Jika penjelasan di atas benar, maka tindakan Adam menamakan isterinya merupakan tindakan iman kepada janji Allah. Pada bagian sebelumnya sudah diceritakan bahwa Allah menjanjikan masa depan melalui keturunan Hawa (3:16) dan Ia pun tidak menghilangkan kemampuan Hawa dalam melahirkan anak (3:16). Janji inilah yang dipegang oleh Adam, terlepas dari fakta bahwa ia pasti mengalami kematian (3:19). Melalui bentuk lampau ini Adam seolah-olah ingin mengatakan, “aku tidak akan mati sebelum memiliki aku banyak keturunan”. Hukuman serius yang ia terima mungkin telah memberi pelajaran sangat berharga bagi Adam bagaimana seharusnya mempercayai perkataan TUHAN secara mutlak.

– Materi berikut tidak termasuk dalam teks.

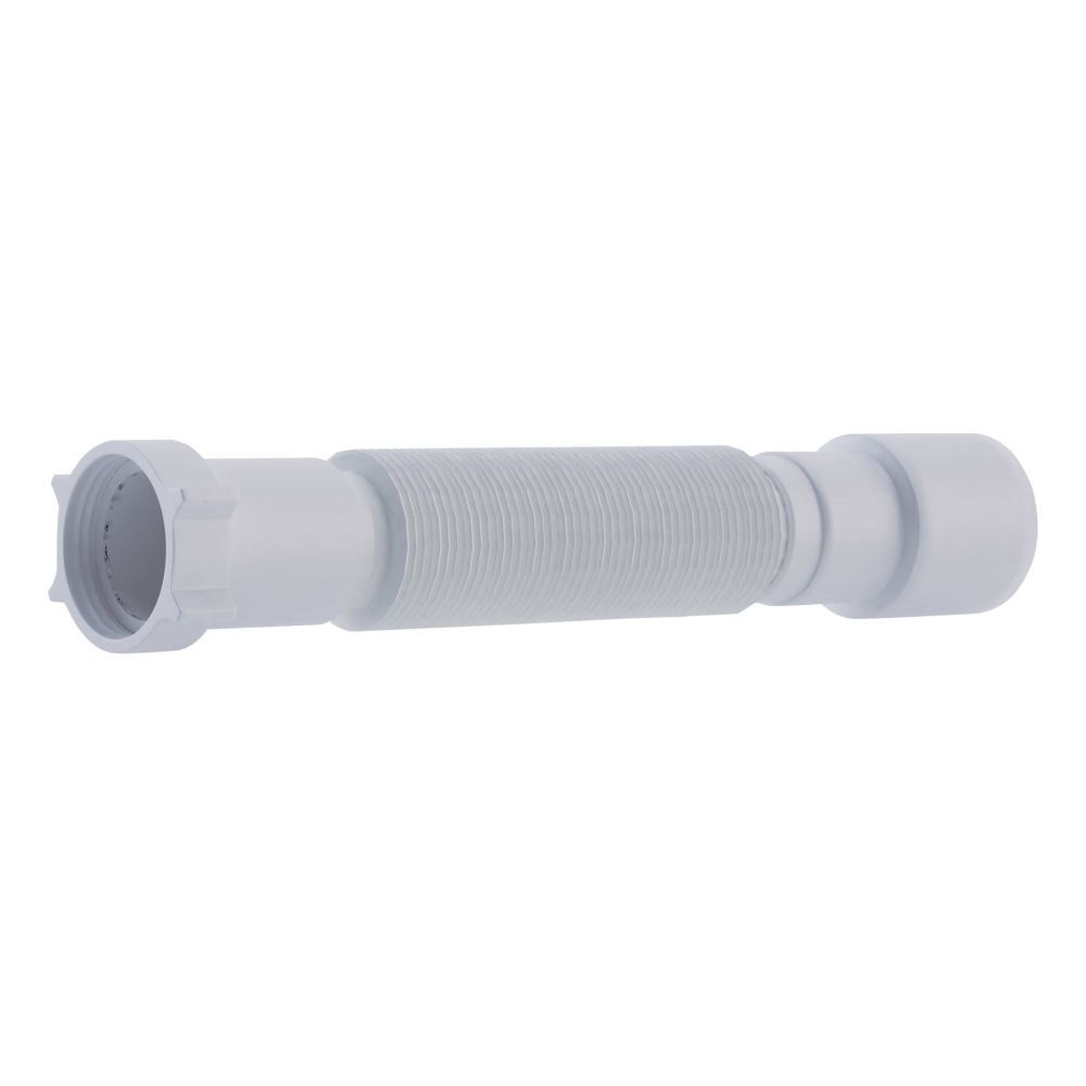 Гибкая труба ANI PLAST К106 выполнена из пластика классического белого цвета в виде прямой трубы, которая благодаря наличию гофры может изменять угол и длину от 366 мм до 776 мм. Изделие обладает небольшим весом, поэтому устанавливается без особых усилий и дополнительного приспособления. Благодаря материалу изготовления труба имеет длительный срок эксплуатации, устойчива к образованию коррозии и затворов, высоким температурам и химическим средствам.
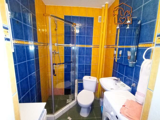 Łazienka: natrysk, WC, umywalka, pralka.
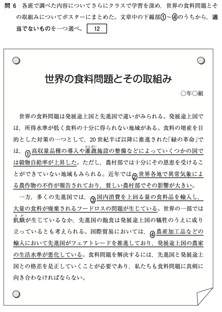 ①は緑の革命を復習しましょう。②は農作物の不作により先進国の都市部で物価上昇が起こるなど影響があると考えられるが、当然それ以上に苦しいのは農村部。③はまさにこの文章の通り。フードロスという言葉をしっかりと覚えてください。
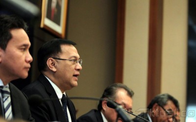 Gubernur Bank Indonesia (BI) Agus Martowardojo (tengah) didampingi Deputi Gubernur Senior Mirza Adityaswara (kiri), dan Deputi Gunernur Halim Alamsyah (kanan) memberikan keterangan terkait hasil rapat Dewan Gubernur Bank Indonesia di Jakarta, Kamis (9/1/2014). Rapat Dewan Gubernur memutuskan bahwa BI Rate tetap di kisaran 7,5 persen. Aktual/Tino Oktaviano
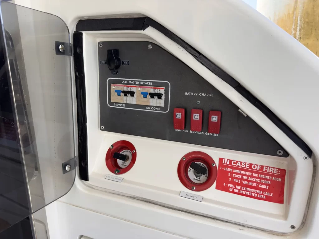 - New 12KG remote fire extinguisher canister installed in engine room with new activation cable (Azimut factory supplied)
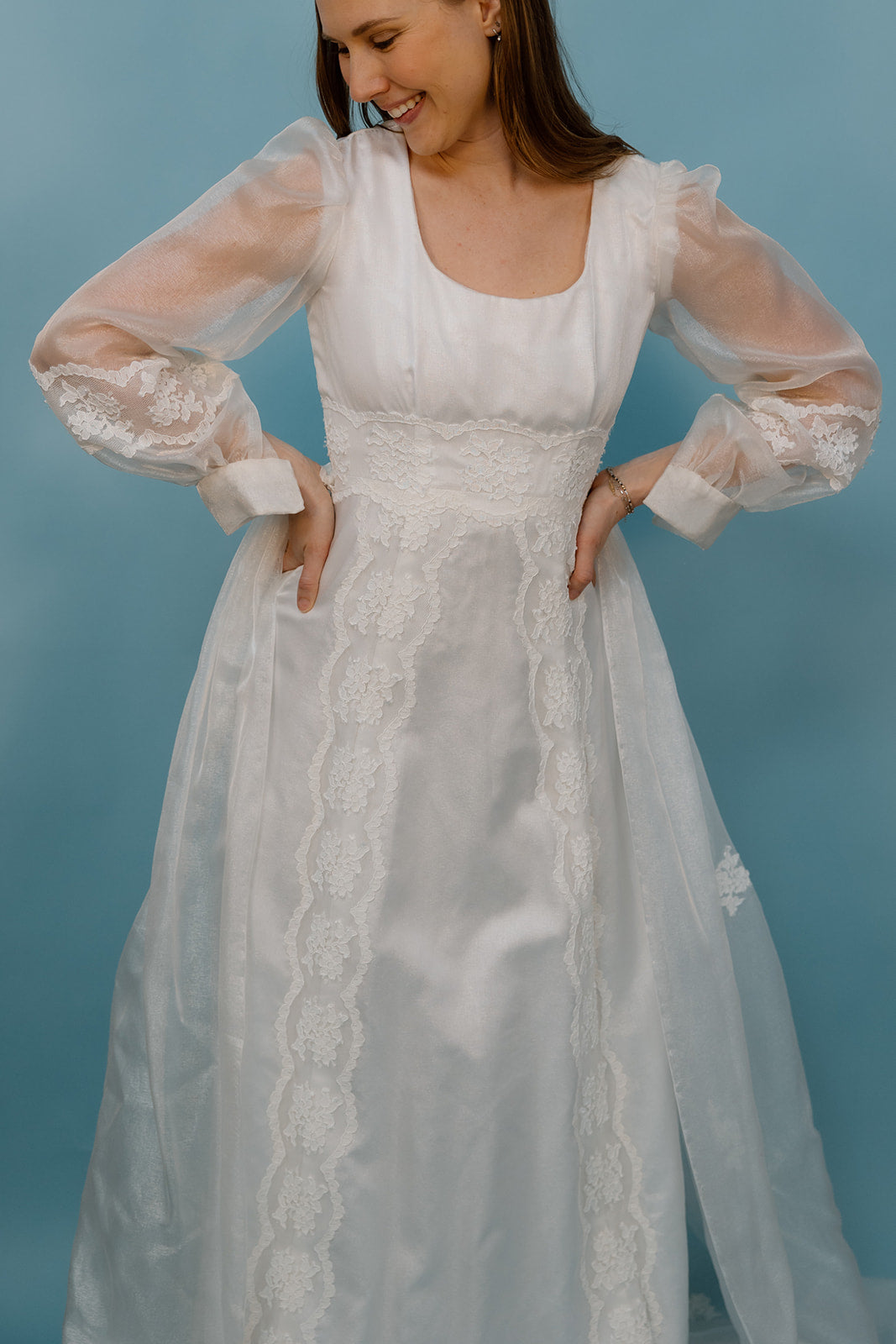 Lizzie: 1970s Iridescent Simple Dress with Detachable Train

Seperti sudah sempat disinggung di awal, tindakan memberikan nama yang dilakukan Adam di 3:20 bukanlah yang pertama. Sebelumnya ia sudah menamai isterinya “perempuan” (’iššâ). Kini ia disebut “Hawa” (ḥawwâ). Nama pertama menampilkan Adam sebagai sumber keberadaan Hawa (2:23b “sebab ia diambil dari laki-laki”), sedangkan nama kedua menyiratkan posisi Hawa sebagai sumber keberadaan semua keturunan Adam (3:20 “ibu dari semua yang hidup”). Saling keterkaitan dan ketergantungan ini dengan tepat dingkapkan Paulus di 1 Korintus 11:11-12 “Namun demikian, dalam Tuhan tidak ada perempuan tanpa laki-laki dan tidak ada laki-laki tanpa perempuan. Sebab sama seperti perempuan berasal dari laki-laki, demikian pula laki-laki dilahirkan oleh perempuan; dan segala sesuatu berasal dari Allah”.